Mental illness is a hard loss, related losses re: career, financial, personal pride/shame, etc. which can be really hard for civillians and non-civillians, alike, but maybe less privacy in the military context because working and living with others context, e.g. if happens in the context of the barracks?  I hide it from those I live with, by finding a quite space, write, use crisis line and others respecting my need for privacy, alone time.
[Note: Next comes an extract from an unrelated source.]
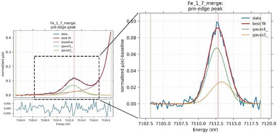 XANES spectra are obtained from all 22 spinels of 7 varieties, as well as standard materials such as Fe-foil, Cr-foil, V-foil, Fe(II), Fe(III), Cr(III), Cr(VI), V(III), and V(IV) model compounds. The properties of pre-edge absorption are important to assess the oxidation state and coordination number. Using the XAS Viewer application [41], the centroid position and integrated intensity of pre-edge XANES spectra are determined to stimulate different valency model compounds and their pre-edge peak compositions. Figure 5 depicts the result of Fe pre-edge composition by the XAS Viewer program. In addition, the fluctuation in oxidation state and its symmetry for Fe and V are displayed as shown in Figure 6a,b, respectively.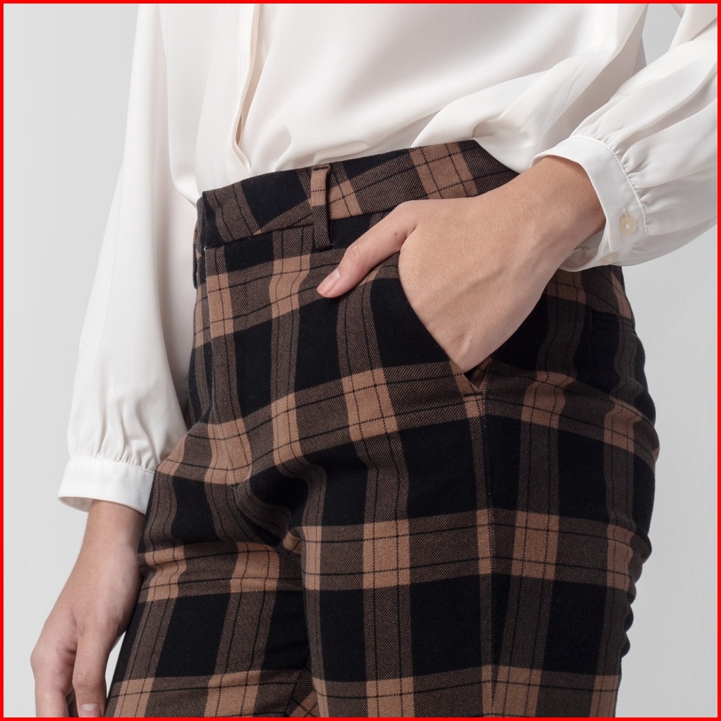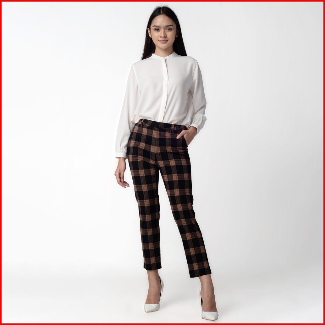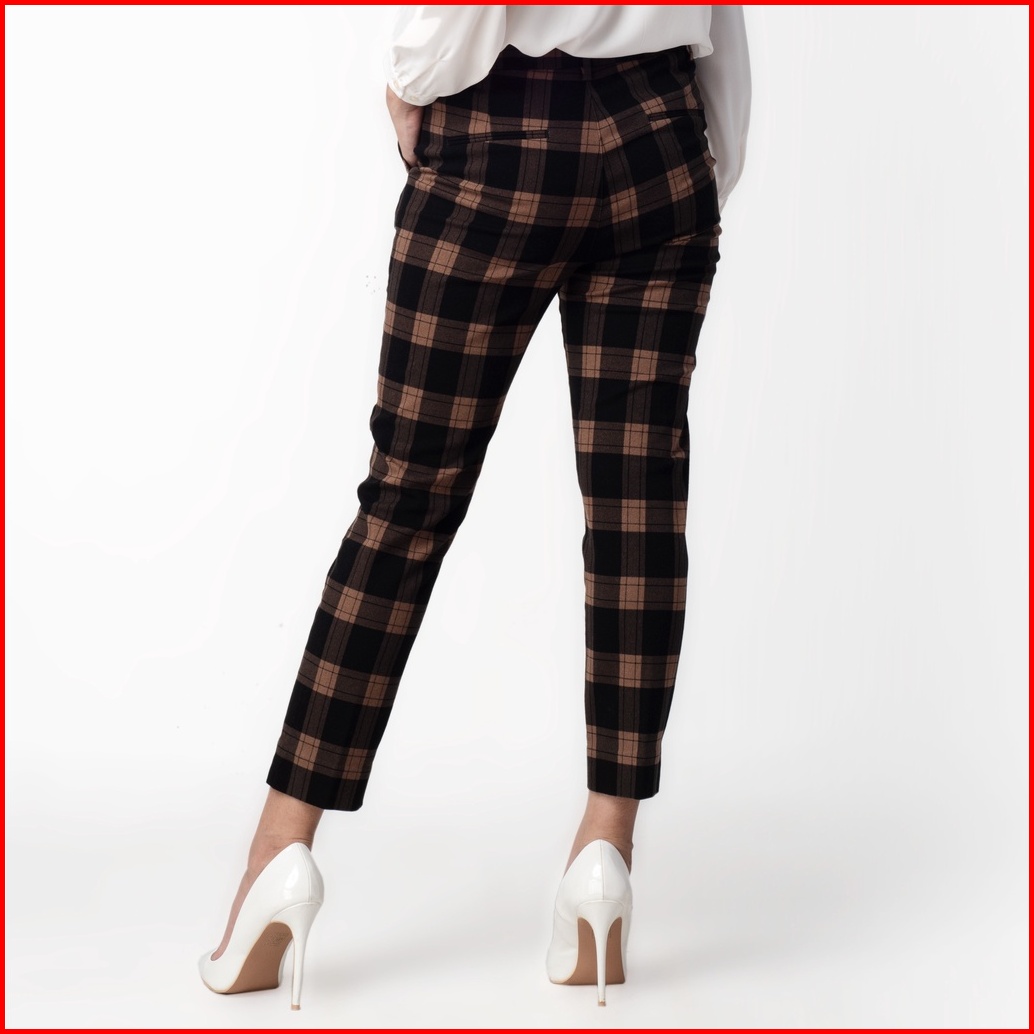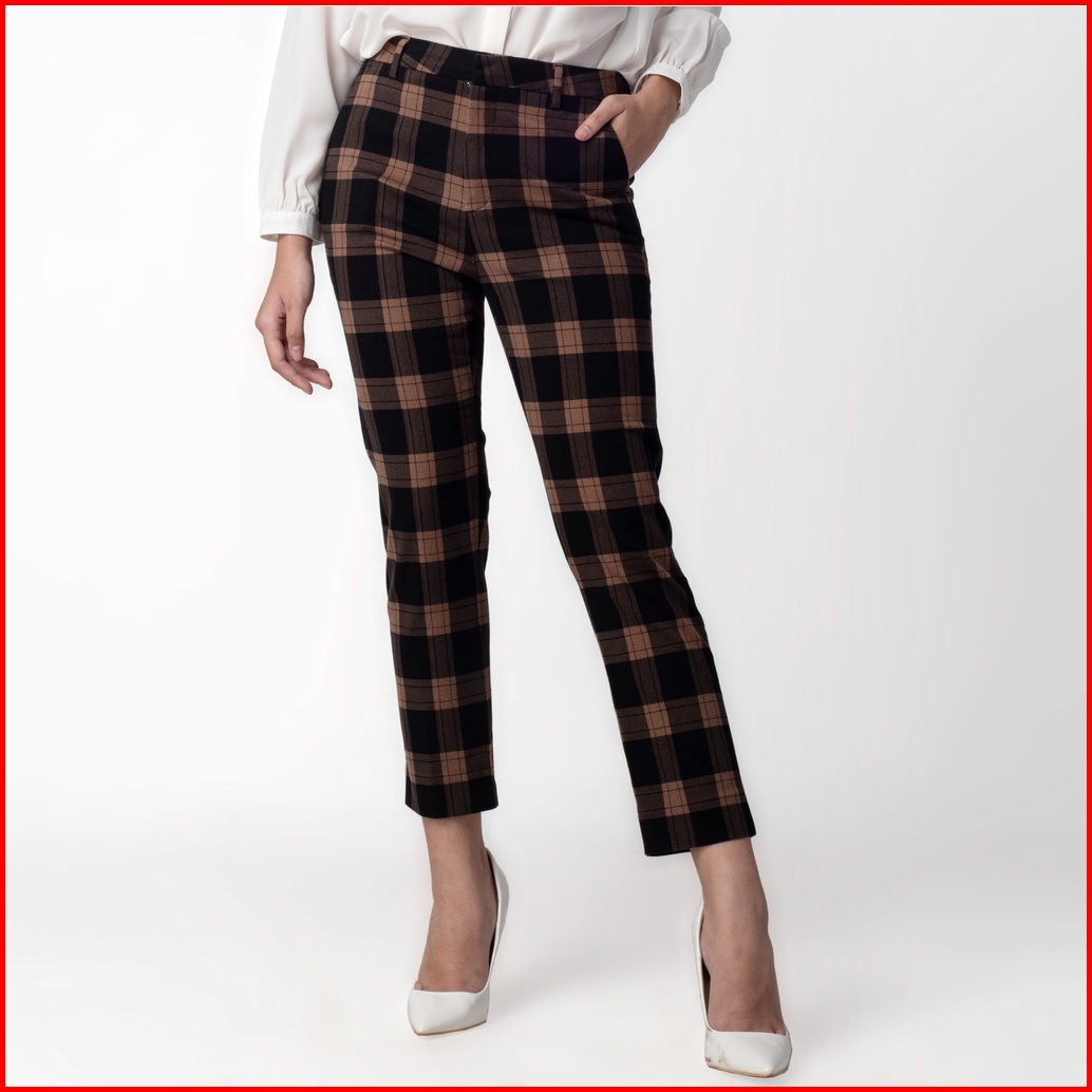 Benhill Celana Tartan Wanita Narae Plaid Pants Kotak Brown 263-32582

Anyway, this is just meant to share a perspective from an anonymous person who experiences it, witnessed it, and it's affects among family members.  It's not meant to be 'about me", but some aspects of risk factors, stressors, interplay of suicidal person (hidden conditions) and environment with emphasis on ptsd symtomology.  PTSD, depression, anxiety disorders, addictions are also risk factors among military service people: exposure to loses; fried physiology/combat fatigue, risks of burnout; being in positions of high responsiblity for protection of life and defending oneself, an interrdependent team.  I imagine it would be very hard, things can change rapidly in a matter of split seconds, it's human to lose a second or two, an error in a split second judgement, or someone else's error, and accountability an change in the wind, no chance to the sail, but it can also be fatal and that's high stress to carry :/ especially when unreasonable with oneself, unforgiving.  We ask a lot of human beings, those called to service for our country.  My deepest respect to all.